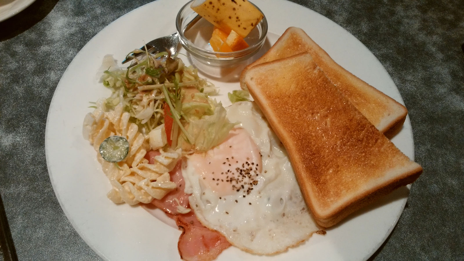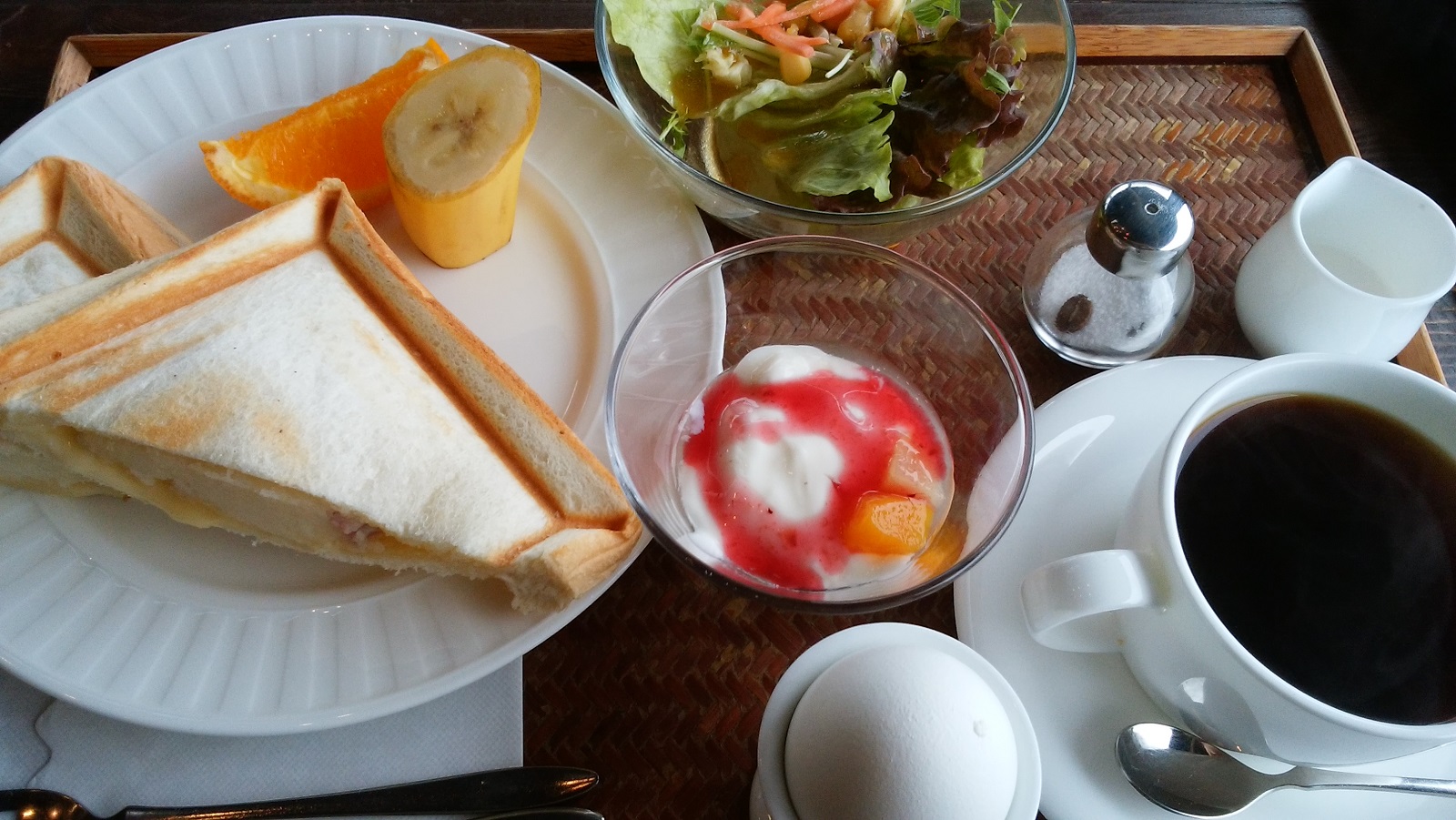 今日は水曜日なのでモーニングへ。 いつもの喫茶店で本を読みながらモーニングを食べる。 本がちょうどいいところで時間切れになってしまった。
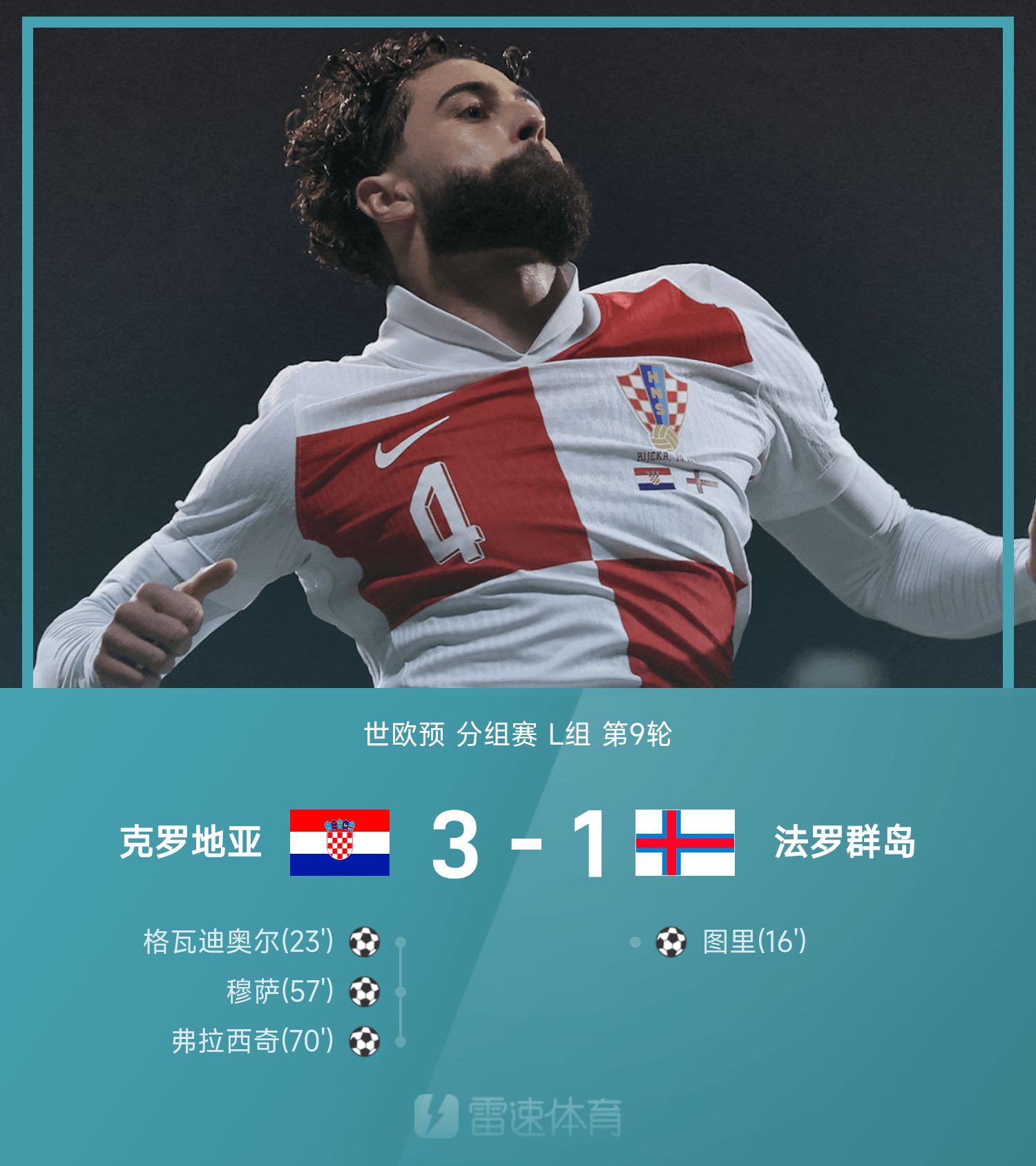 6686 ข่าวกีฬาเมื่อวันที่ 15 พฤศจิกายน ในรอบที่ 9 ของกลุ่ม L ของเกมรอบคัดเลือกโลกยุโรปครั้งที่ 26 โครเอเชียเอาชนะหมู่เกาะแฟโร 3-1 ตลอดทั้งเกม ทูริ ยิงประตูช่วยให้ทีมเยือนหมู่เกาะแฟโรขึ้นนำ จากนั้นกวาดิโอล, มุสซ่า และวลาซิชก็ทำประตูติดต่อกันเพื่อพลิกกลับให้สมบูรณ์ โมดริชถูกเปลี่ยนตัวออกในนาทีที่ 61 และโครเอเชียผ่านเข้าสู่ฟุตบอลโลก
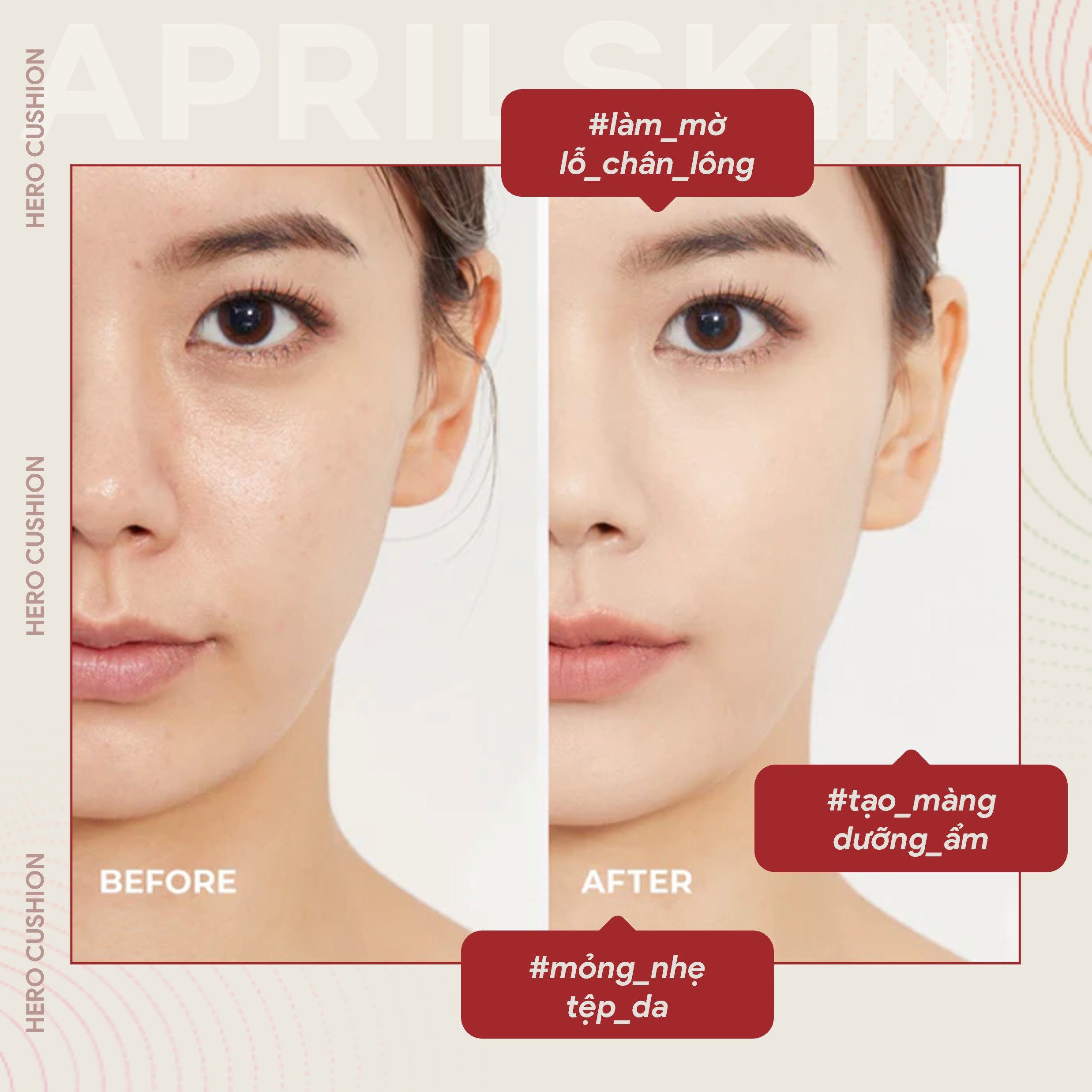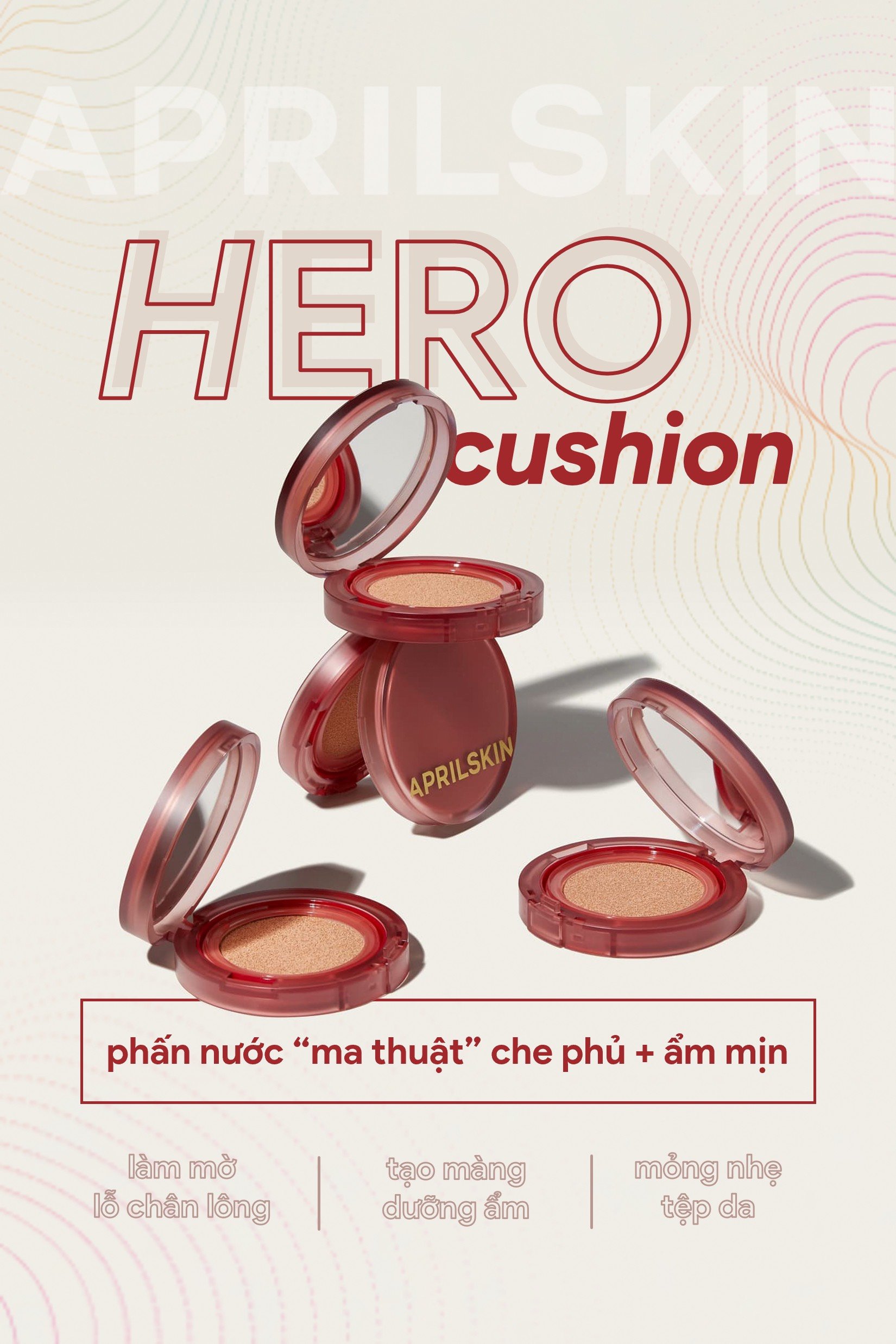 - Che phủ mọi khuyết điểm như mụn, thâm, lỗ chân lông to... April Skin Hero Cushion giúp bền màu, tăng cường độ bền màu suốt cả ngày mang đến làn da trắng sáng.

-=-=-=-=-

WHAT THE EXERCISE ASKS
Excluding pictures, reproduce the listing above exactly as it stands.

ANSWER BOX
 今日は水曜日なのでモーニングへ。 いつもの喫茶店で本を読みながらモーニングを食べる。 本がちょうどいいところで時間切れになってしまった。
 6686 ข่าวกีฬาเมื่อวันที่ 15 พฤศจิกายน ในรอบที่ 9 ของกลุ่ม L ของเกมรอบคัดเลือกโลกยุโรปครั้งที่ 26 โครเอเชียเอาชนะหมู่เกาะแฟโร 3-1 ตลอดทั้งเกม ทูริ ยิงประตูช่วยให้ทีมเยือนหมู่เกาะแฟโรขึ้นนำ จากนั้นกวาดิโอล, มุสซ่า และวลาซิชก็ทำประตูติดต่อกันเพื่อพลิกกลับให้สมบูรณ์ โมดริชถูกเปลี่ยนตัวออกในนาทีที่ 61 และโครเอเชียผ่านเข้าสู่ฟุตบอลโลก
 - Che phủ mọi khuyết điểm như mụn, thâm, lỗ chân lông to... April Skin Hero Cushion giúp bền màu, tăng cường độ bền màu suốt cả ngày mang đến làn da trắng sáng.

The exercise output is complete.